The Germans’ love of dogs is providing local authorities with high tax revenues even in the crisis. In 2020, the income from dog tax rose to a record value of €380.2 million, according to new figures from the Federal Statistical Office released in response to a question from Welt am Sonntag.
That marks an increase of almost three percent compared to the previous year, when all owners together paid €370 million in taxes for their dogs.
All dogs in Germany are subject to the Hundesteuer or ‘dog tax’, an annual fee which differs from state to state and is usually collected from dog owners.

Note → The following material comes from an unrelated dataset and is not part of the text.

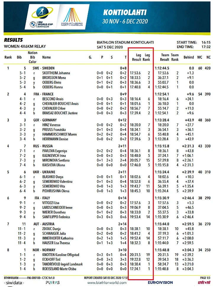 Если открыть финишный протокол любой эстафеты, там можно увидеть 2 столбца - “Leg result” и “Leg rank”. Я в английском, мягко говоря, несилен, но это можно перевести, как “время и место на этапе”. То есть за сколько спортсмен пробежал свой этап, и какое место он занял по чистому времени на этом этапе. Биатлонист может передать эстафету хоть 20-м, пробежав при этом этап быстрее всех, это как раз мы и увидим в этих столбцах. Согласитесь, это очень, очень-очень информативно.

But the German’s love of four-legged friends has not just grown amid the pandemic, when more people began working from home and looked for a source of companionship. Since reunification, the revenue from the tax has tripled; in 1991, it yielded just €123 million.
The Hundesteuer is thus one of the few types of tax that brought in more money despite the coronavirus pandemic. Although the increase of only three percent raises the question of whether every dog is actually reported to the tax office.
According to the German Canine Association (VDH), 20 percent more dogs were bought by Bundesrepublik residents in 2020 compared to previous years, reported Spiegel in January.
Yet the amount collected in taxes depends on how many pups a person already owns. In many states, the amount of tax to be paid per dog increases with the number of dogs in the household.
In Berlin, for example, the first dog costs €120 per year with each additional dog costing €180 per year.
In Düsseldorf, the tax for one dog in the household is €96, and raises to €150 for two.